14.1 Overgangsrecht bouwwerken
  • a. Een bouwwerk dat op het tijdstip van inwerkingtreding van het bestemmingsplan aanwezig of in uitvoering is, dan wel gebouwd kan worden krachtens een omgevingsvergunning, en afwijkt van het plan, mag, mits deze afwijking naar aard en omvang niet wordt vergroot,
    • 1. gedeeltelijk worden vernieuwd of veranderd;
    • 2. na het teniet gaan ten gevolge van een calamiteit geheel worden vernieuwd of veranderd, mits de aanvraag van de omgevingsvergunning wordt gedaan binnen twee jaar na de dag waarop het bouwwerk is teniet gegaan.
  • b. Het bevoegd gezag kan eenmalig ontheffing verlenen van het eerste lid voor het vergroten van de inhoud van een bouwwerk als bedoeld in het eerste lid met maximaal 10%.
  • c.
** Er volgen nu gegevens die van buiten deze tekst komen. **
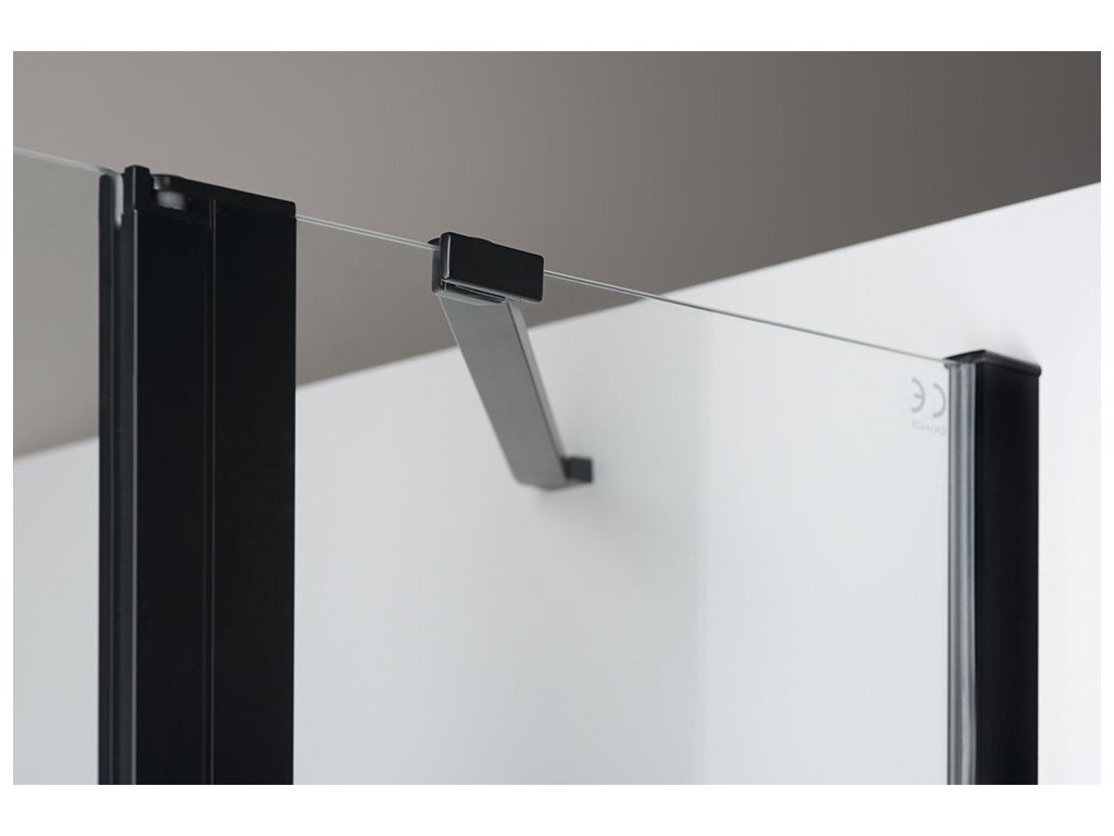 | Speciálně navržené madlo pro pohodlné otevírání dveří. | Ploché magnetické těsnění skryté v hliníkovém profilu v moderním matně černém provedení. | Stěnové nerovnosti skryje hliníkový profil v černé, do kterého lze zasunout sklo dle potřeby až 20 mm. | Otočný profil se zvedací funkcí pro pohodlné otevírání. Čistá linie - sklo protíná profil na obou stranách ve stejné úrovni. Stabilitu skel zajišťuje elegantní vzpěra s nastavitelným úhlem uchycení na obou stranách. |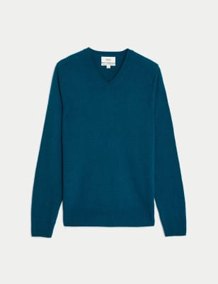 Mens M&S Collection Pure Extra Fine Lambswool V-Neck Jumper - Teal, Teal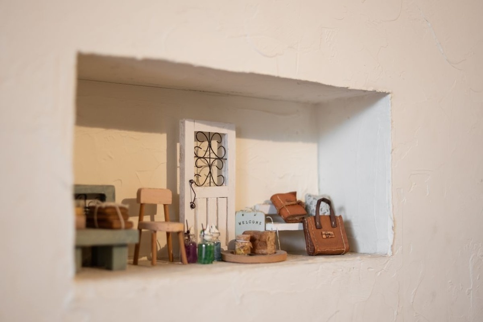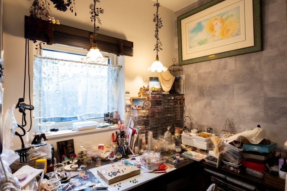 「トイレくらいの大きさでいいから、工房がほしい」と頼んでつくってもらったアトリエは、1階リビングのテレビボードの奥にあります。「ちょうど作業中で片付いていませんが」と、中をのぞかせてくれましたが、2.5帖の工房には、天然石やビーズ、金具など、小さなパーツがぎっしり。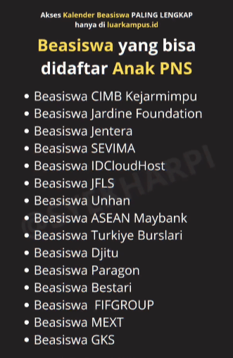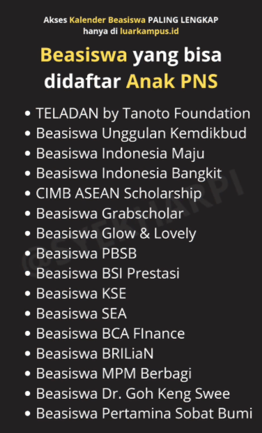 Dan masih banyak lagi beasiswa lainnya yang bisa didaftar oleh anak PNS (https://luarkampus.id/)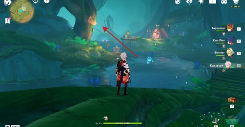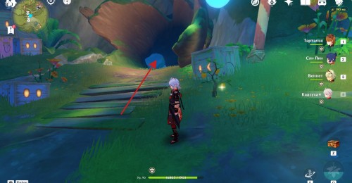 От точки быстрого перемещения направляйтесь на восток. Идите по дорожке, пока справа от вас не появится Гидро эйдолон и полый ствол дерева. Пройдите сквозь него, подойдите к началу моста, а потом развернитесь на 180 градусов. Вам будет необходимо подняться по деревянной лестнице на площадку, где находится лавачурл с каменным панцирем. За ним на уровень выше висит мешочек.

Het gestelde onder a is niet van toepassing op bouwwerken die weliswaar bestaan op het tijdstip van inwerkingtreding van het plan, maar gebouwd zijn zonder vergunning en in strijd met het daarvoor geldende plan, daaronder begrepen de overgangsbepalingen van dat plan.
14.2 Overgangsrecht gebruik
  • a. Het gebruik van grond en bouwwerken dat bestond op het tijdstip van inwerkingtreding van het bestemmingsplan en hiermee in strijd is, mag worden voortgezet.
  • b. Het is verboden het met het bestemmingsplan strijdige gebruik, bedoeld in het eerste lid, te veranderen of te laten veranderen in een ander met dat plan strijdig gebruik, tenzij door deze verandering de afwijking naar aard en omvang wordt verkleind.
  • c. Indien het gebruik, bedoeld in het eerste lid, na het tijdstip van inwerkingtreding van het plan voor een periode langer dan een jaar wordt onderbroken, is het verboden dit gebruik daarna te hervatten of te laten hervatten.
  • d. Het eerste lid is niet van toepassing op het gebruik dat reeds in strijd was met het voorheen geldende bestemmingsplan, daaronder begrepen de overgangsbepalingen van dat plan.

Artikel 15 Slotregel

Deze regels worden aangehaald als: Regels van het bestemmingsplan Mosveld.

De volledige naam is de aanhaaltitel.